Wednesday, October 8, 2008

Jasper Johns1958/59

A few questions from the reading from Art Since 1900 on 1958/1959:

1.) How do Jasper Johns' emblems "evoke a self that was divided by its own language?"

Background: Jasper Johns painted everyday symbols--a target, an American flag--in opposition to the Abstract Expressionists for whom representation (and worse popular emblems) was taboo. Having a subject, especially one so popularized, the Ab-Ex artists argue, depersonalizes the work, and painting is taken out of its pure state (painting which is simply about painting in and of itself).

The reading describes Jasper Johns work as a play with contradiction and paradox. First of all, the emblem of a flag or a target is both abstract and representational--abstract because they are composed of simple geometric shapes, a circle, a rectangle; representational because they are easily recognizable as a whole.

Encaustics also play a major role in Jasper Johns' style. The wax preserves the artist's brushstrokes, showing method and giving a gestural motion to the painting, (this quality would be desired by the Ab-Ex painter) and yet the strokes become repetitive, dead, lifeless; bringing us back to the impersonal aspect of the work.

The subject matter also has qualities of both the personal and the impersonal. Because the emblems are so easily recognizable, something society as a whole can relate to, they appear extremely impersonal at first glance. However, the flag also alludes to the story that the symbol first appeared to Johns in a dream. Thus, his paintings suggest allegory/alternated meanings/suggested memories. The complication of describing Johns in terms of a movement reiterates the fact that the artist feels divided within himself. His art reflects a paradoxical struggle.

2.)What sets Jasper Johns apart from the Dada movement (or any other movement)?

It is important to know that Jasper Johns was aquainted with Duchamp when considering his label as the "Neo-Dadaist." However, Johns' work does not carry the self-destructive, anarchic theory of Dada. He is more interested in the irony conveyed by Duchamp's work (again we're dealing with paradox here). Duchamp remain a point of reference for Johns, but only for this reason. Johns is not destroying the symbol, he is elevating it to high art by giving it multiple weighted (as well as contradicting) meanings.

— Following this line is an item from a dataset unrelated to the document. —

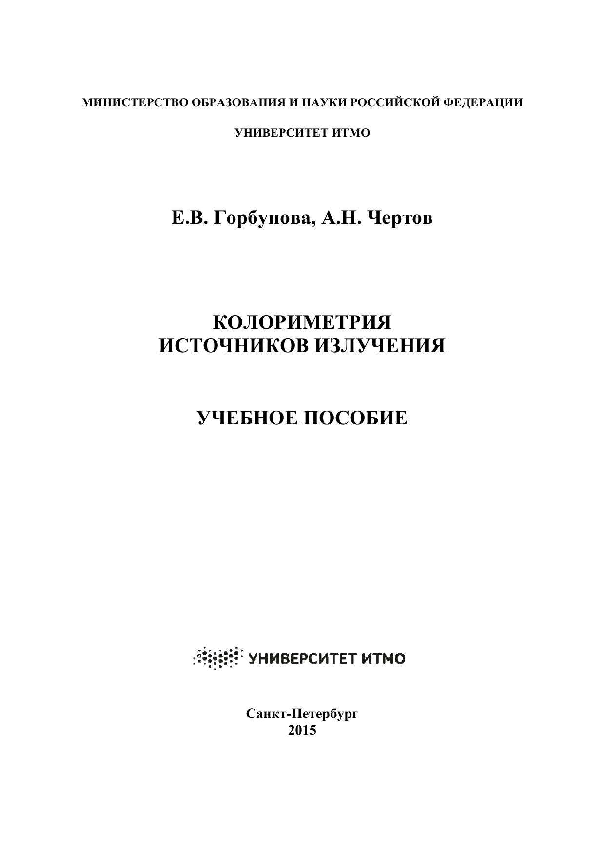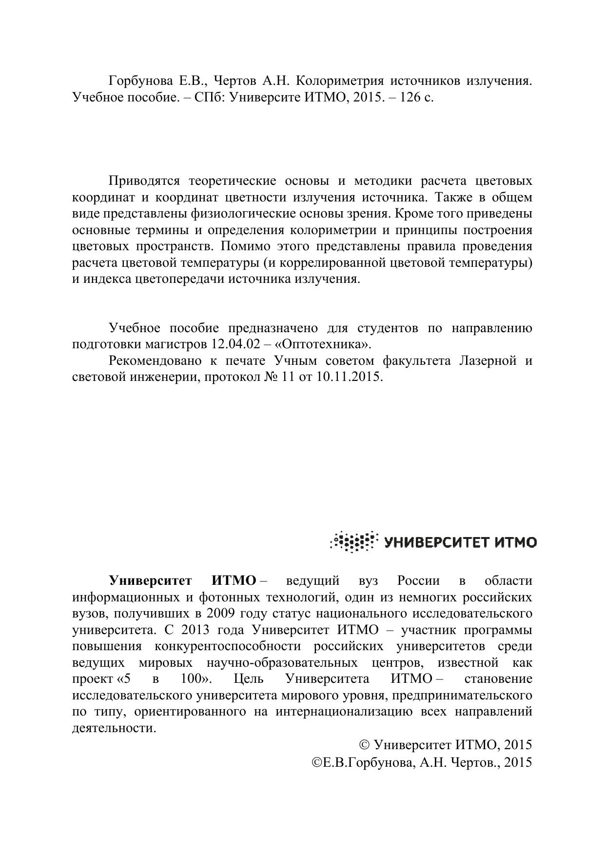 Приводятся теоретические основы и методики расчета цветовых координат и координат цветности излучения источника. Также в общем виде представлены физиологические основы зрения. Кроме того приведены основные термины и определения колориметрии и принципы построения цветовых пространств. Помимо этого представлены правила проведения расчета цветовой температуры (и коррелированной цветовой температуры) и индекса цветопередачи источника излучения. Учебное пособие предназначено для студентов по направлению подготовки магистров 12.04.02 – «Оптотехника». Рекомендовано к печате Учным советом факультета Лазерной и световой инженерии, протокол № 11 от 10.11.2015.

The simple answer to this question: Jasper Johns eludes definition because his work carries aspects of many modern movements. Although against the Ab-Ex generation, encaustic gives us a sense of the artist's "autograph," even if John strives to keep it "impersonal." He plays with dreams and the picture-puzzle (like that of Surrealist Rene Magritte, see: "Ceci n'est pas une pipe"). Ambiguity lies at the very heart of the work of Jasper Johns, making it very hard to pin down to one movement.

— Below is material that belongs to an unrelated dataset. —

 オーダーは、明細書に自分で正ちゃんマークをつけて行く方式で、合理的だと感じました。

Fun Fact: This is a bit off topic, but while we are looking at Sartre's existentialist theories, we will find artist's reacting to his concept of nonbeing in different ways, both positively and negatively. It is important to note that the word that is translated as "nonbeing" is actually "neant" in french (excuse my lack of accents, i only know how to type them on a Mac), which carries a more loaded meaning, difficult to translate. Some translations in english actually still hold on to the word neant because of this. Note that within the word "aneantir" to annihilate is "neant". Aneantir, to annihilate, to make to waste, to nothing. Moral: Sartre is best said in French.